This cooling ‘temperature ramp’ procedure is much different from the two point calibrations I was doing earlier, and I am still trying to determine which one gives better results when I combine it with the normalization that I usually apply to these sensor strings after they are epoxied into permanent sets.  So far, the actual measured ice point offsets have not been agreeing very well with the intercepts predicted by regression on data from 20-30°C and that has me wondering whether it’s even worth the effort to calibrate these sensors over a temperature range that they won’t see in the field.

DS18b20 normalisation bath

I insulate the heck out of the thing with towels, etc. so the normalization cooling takes at least 24 hours (usually closer to 2 days). I still take occasional Thermapen readings, but only to compare with the resulting average that I generate with the sensor data.  Ideally, the corrected average should already have very good agreement with the reference readings… or something has gone wrong with my procedure…

For the  ‘normalization’, I repeat the cooling water bath procedure above with the completed temperature chains assembled as they will be for a deployment. But instead of the Thermapen readings, I use the corrected average (using the equations from above) of all the sensor readings on the Y axis, to generate a second correction equation to apply to each sensors raw data to normalize them to each other. Unlike Craig at Yosemite Foothills, I use a second order polynomial for on this step. After that second correction is applied, any differences I see between sensors on the same chain should only be due only to a real differences in temperature.  

Addendum 2016-02-16

Well it serves me right for counting my chickens. After a few more days putting these sensors through their paces, 11 more units have died or they have stopped reading temperatures below 15°C.  I’ve been drying them on the radiators each night, and though we have a hot water system, I suspect the combination of daily soaking, and night time roasting, loosened the seals between the metal caps and the epoxy or did some other kind of damage. So now this latest batch is falling towards a 50% yield of sensors worth putting into the chain. Looking on the bright side, perhaps selecting sensors that can take more abuse is a good idea in the long run, even if it was done accidentally.

Addendum 2016-02-29

NY platform

An air filled unit from eBay vendor nyplatform. Looking on the bright side, it’s very easy to extract the raw sensor if you wanted to.
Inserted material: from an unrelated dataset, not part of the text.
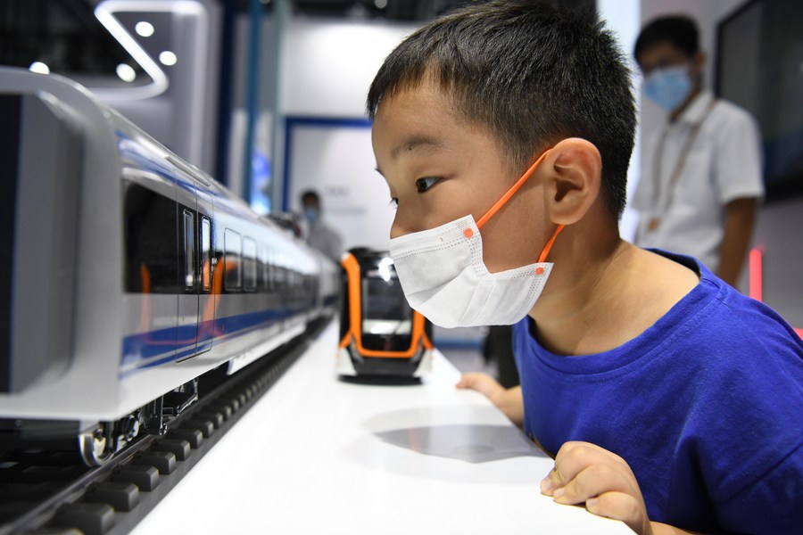 A kid visits the booth of the China Railway Rolling Stock Corporation (CRRC) at the 2022 World Manufacturing Convention in Hefei, east China's Anhui Province, Sept. 20, 2022. (Xinhua/Zhang Duan)

After having a few more units die in the middle of testing it started to really get under my skin. So I decided to take a bunch of these sensors apart and soon discovered that many of them were poorly put together (no big surprise there…) I had assumed that the metal casings were completely filled with epoxy, but I soon discovered that many were sealed only with a bit of heat shrink tubing. So the thermal cycling I put them through on the radiators loosened it enough for them to soak through on their next dunking.  Even when they had adhesive (like the unit shown on the right) they sometimes exhibited other strange problems as time went on such as not reading temperatures below 10°C so I have to wonder if the solder joints are also suffering from thermal expansion problems.  Although the nyplatform sensors were the cleanest looking units inside, they suffered the highest failure rate, and had the largest raw residuals, often outside the ±0.5°C spec.  So just being clean, does not necessarily mean best quality…
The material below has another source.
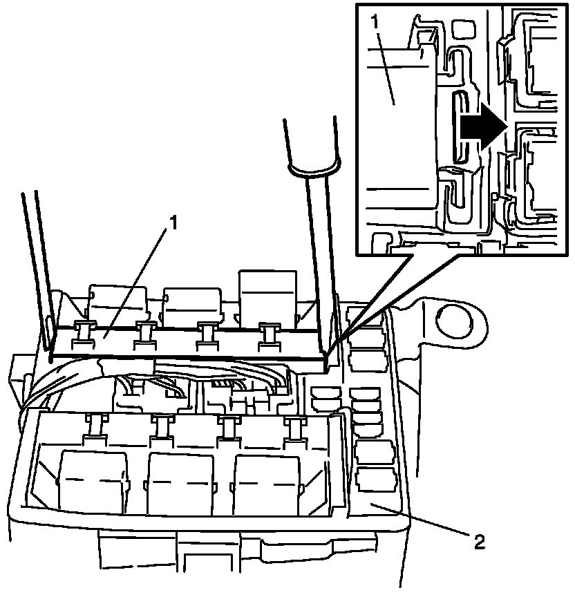 2. Remove integration relay No.2 (1) from fuse box No.2 (2).

Things got even uglier as I moved on to the other vendor’s:

Smelly bad

That just can’t be good…

Though the units from Electrodragon had at least some epoxy inside, they were still easy to simply pull away from the stainless sheath, and when I did that I discovered some nasty smelling chemistry going on in there.  The frustrating thing about this is that during calibration runs these sensors were by far the best performers in terms of offsets & accuracy. But after seeing inside I have to wonder how long they are going to last.  I have started pulling all of these units out of the metal and cleaning them with 90% IPA so that I can mount them directly inside the epoxy. Hopefully this treatment will halt that creeping decay and keep them running longer than they would have if I just left them as they were.

DS18b20 temp sensor embedded in E30CL epoxy.
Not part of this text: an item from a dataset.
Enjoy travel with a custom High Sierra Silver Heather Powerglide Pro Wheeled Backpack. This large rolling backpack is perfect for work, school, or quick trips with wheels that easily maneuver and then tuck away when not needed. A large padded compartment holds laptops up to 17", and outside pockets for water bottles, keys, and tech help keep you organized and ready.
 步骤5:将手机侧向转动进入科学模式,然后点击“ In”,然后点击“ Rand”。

DS18b20 after cleaning & embedding in epoxy.

So I guess the take home of all this is that these cheap sensors should only be considered notionally waterproof in the same way that the round red things you buy at the supermarket in the middle of February are notionally tomatoes. Of course, once I strip them from the casing, they could be subjected to more pressure at depth, which had bad effects on my other temp sensors…Argh!

Addendum 2016-07-27

WordPress does not let me move comments from one post to another, so I am transposing this reader question over as an addendum:

João Farinha asks:
Great Work, I’ve a question if you don’t mind. The length of probes DS18B20 are small and several times I had to make extensions, used single-wire cable (Ethernet cable), sometimes the probes stop to work as the union between cables is made with solder, did this ever happened to you? if I just wrap the wire to the other and put duct tape around works well but is not as solid.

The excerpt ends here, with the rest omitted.